Single by Ella Mai

from the album Heart on My Sleeve
- Released: 28 January 2022
- Genre: R&B
- Length: 3:17
- Label: 10 Summers; Interscope;
- Songwriters: Ella Howell; Charles Hinshaw Jr.; Daemon Landrum; Jonathan Sanders; Tyus Strickland; Donell Jones; Kyle West;
- Producers: Mustard; J. Holt;

Ella Mai singles chronology
| "Not Another Love Song" (2020) | "DFMU" (2022) | "How" (2022) |

= DFMU =

2022 single by Ella Mai

"DFMU" (initialism for Don’t Fuck Me Up) is a song by English singer-songwriter Ella Mai. It was released on 28 January 2022 through 10 Summers and Interscope Records from her second studio album, Heart on My Sleeve (2022). It was produced by Mustard and co-produced by J. Holt.
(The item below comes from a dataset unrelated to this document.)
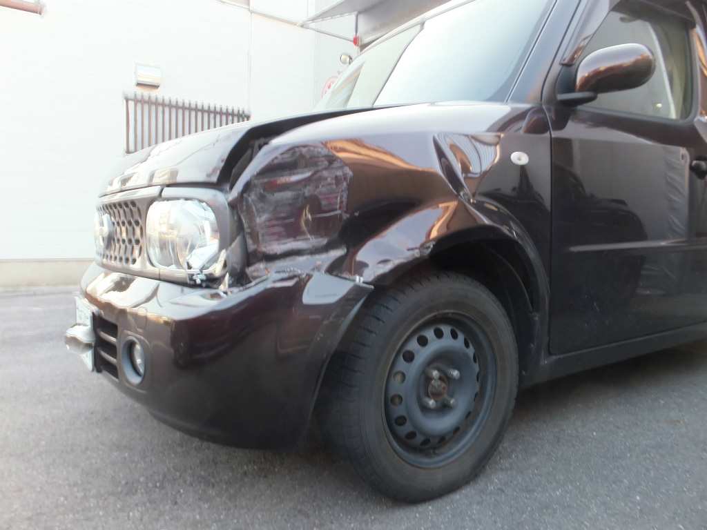 | キューブNZ12型 フロント事故事故 右足回り損傷 |

== Background and composition ==
Following the release of the single "Not Another Love Song" (2020), Mai took a hiatus from recording and public life. In October 2021, the singer revealed on her social media accounts that she had returned to the recording studio. The song was written in 2020 during a writing session with Mustard. In an interview with Apple Music 1 Mai explaining the meaning and writing process of the song:"It was almost a therapy session when I was in the session. But I think that’s the best way. All the people that I grew up listening to are always very, very honest. And I’ve always just appreciated honesty. I think it’s the best way I think that people can relate to you also so. [...] I was having a very honest conversation with Prince Charlez who I wrote the song with about I was going through at that point. And it just was basically a conversation, and it just came together that way. And I think those are the best songs because storytelling is just conversation really. It was one of the ones during the recording process that I just knew it had to make"

== Live performance ==
Mai performed a medley of "DFMU" and "Leave You Alone" at The Tonight Show Starring Jimmy Fallon in May 2022.

== Music video ==
The music video for the song, directed by Loris Russier, was released on 2 February 2022 through the singer's YouTube channel.

==Charts==

Weekly chart performance for "DFMU"
| Chart (2022) | Peak position |
|---|---|
| US Billboard Hot 100 | 85 |
| US Hot R&B/Hip-Hop Songs (Billboard) | 22 |
| US Hot R&B Songs (Billboard) | 3 |
| US Adult R&B Songs (Billboard) | 1 |

==Certifications==

Certifications for "DFMU"
| Region | Certification | Certified units/sales |
| United States (RIAA) | Platinum | 1,000,000^{‡} |
^{‡} Sales+streaming figures based on certification alone.